== Aim of the exercise ==
What you return should match the material below line for line, except that no image appears in it.

== Data excerpt ==
BEGIN
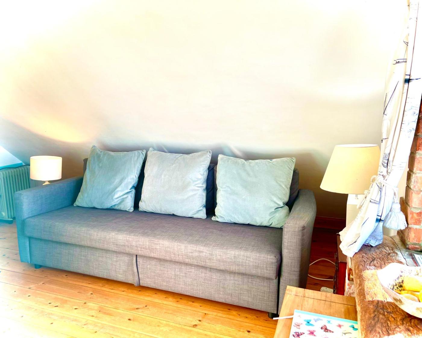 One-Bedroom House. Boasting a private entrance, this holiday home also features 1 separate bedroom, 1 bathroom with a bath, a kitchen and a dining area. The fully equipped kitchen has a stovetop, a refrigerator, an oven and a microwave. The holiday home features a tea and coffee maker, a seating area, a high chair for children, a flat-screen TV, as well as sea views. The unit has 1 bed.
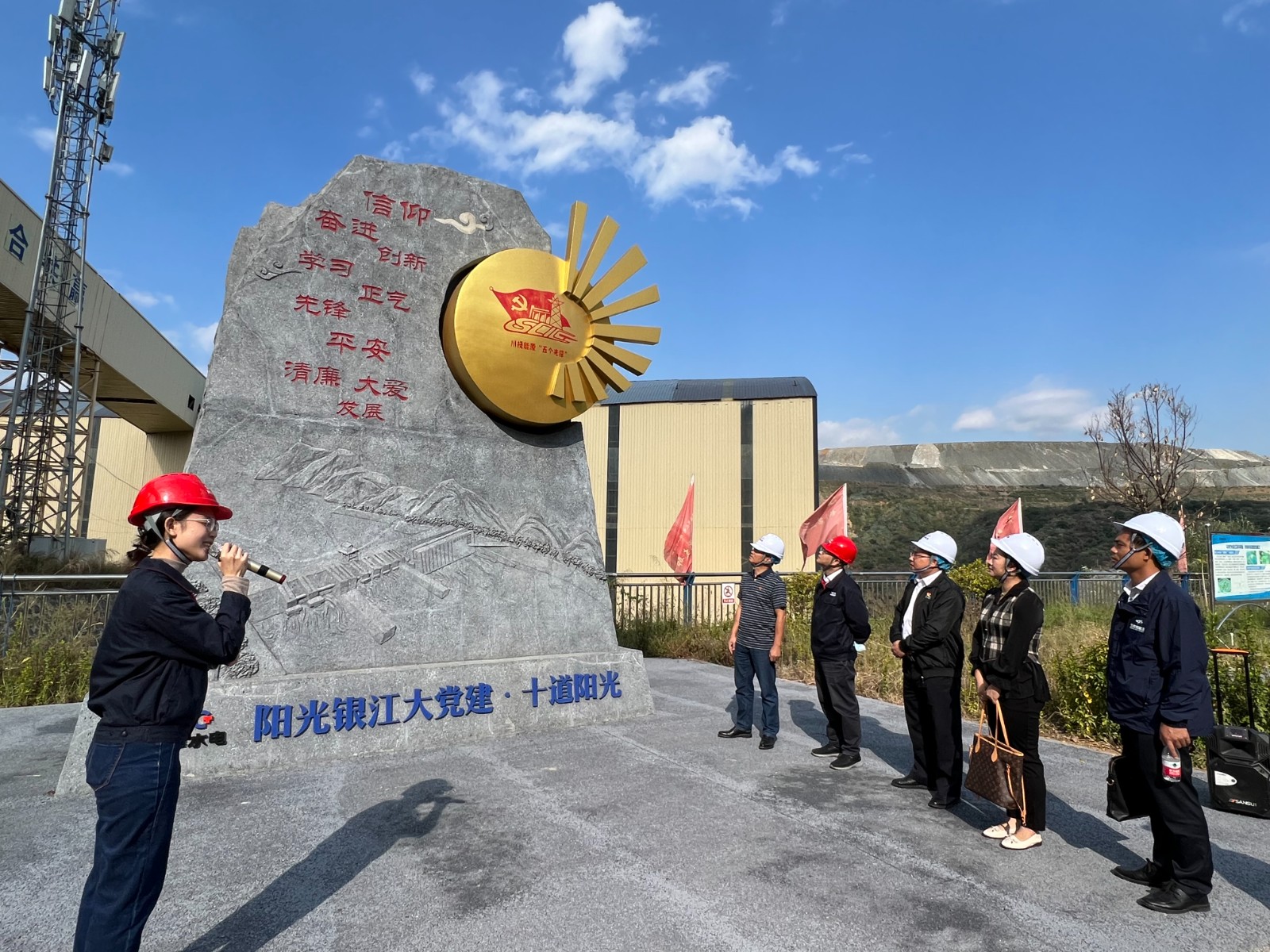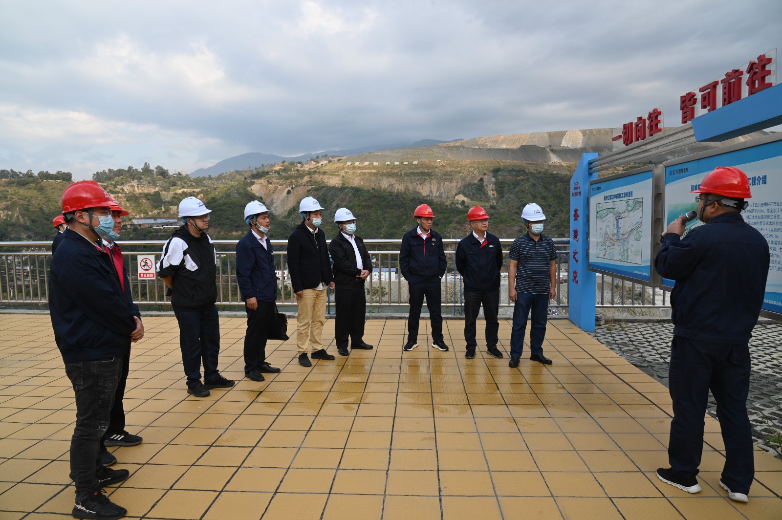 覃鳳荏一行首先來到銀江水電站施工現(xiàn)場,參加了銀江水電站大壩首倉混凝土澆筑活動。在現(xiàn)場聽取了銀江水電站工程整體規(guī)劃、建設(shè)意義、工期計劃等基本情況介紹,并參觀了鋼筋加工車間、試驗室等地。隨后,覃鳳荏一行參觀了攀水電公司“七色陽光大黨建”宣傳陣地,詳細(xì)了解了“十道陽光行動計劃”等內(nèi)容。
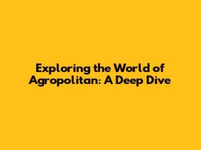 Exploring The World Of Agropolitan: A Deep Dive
END
== Written solution ==
 One-Bedroom House. Boasting a private entrance, this holiday home also features 1 separate bedroom, 1 bathroom with a bath, a kitchen and a dining area. The fully equipped kitchen has a stovetop, a refrigerator, an oven and a microwave. The holiday home features a tea and coffee maker, a seating area, a high chair for children, a flat-screen TV, as well as sea views. The unit has 1 bed.
 覃鳳荏一行首先來到銀江水電站施工現(xiàn)場,參加了銀江水電站大壩首倉混凝土澆筑活動。在現(xiàn)場聽取了銀江水電站工程整體規(guī)劃、建設(shè)意義、工期計劃等基本情況介紹,并參觀了鋼筋加工車間、試驗室等地。隨后,覃鳳荏一行參觀了攀水電公司“七色陽光大黨建”宣傳陣地,詳細(xì)了解了“十道陽光行動計劃”等內(nèi)容。
 Exploring The World Of Agropolitan: A Deep Dive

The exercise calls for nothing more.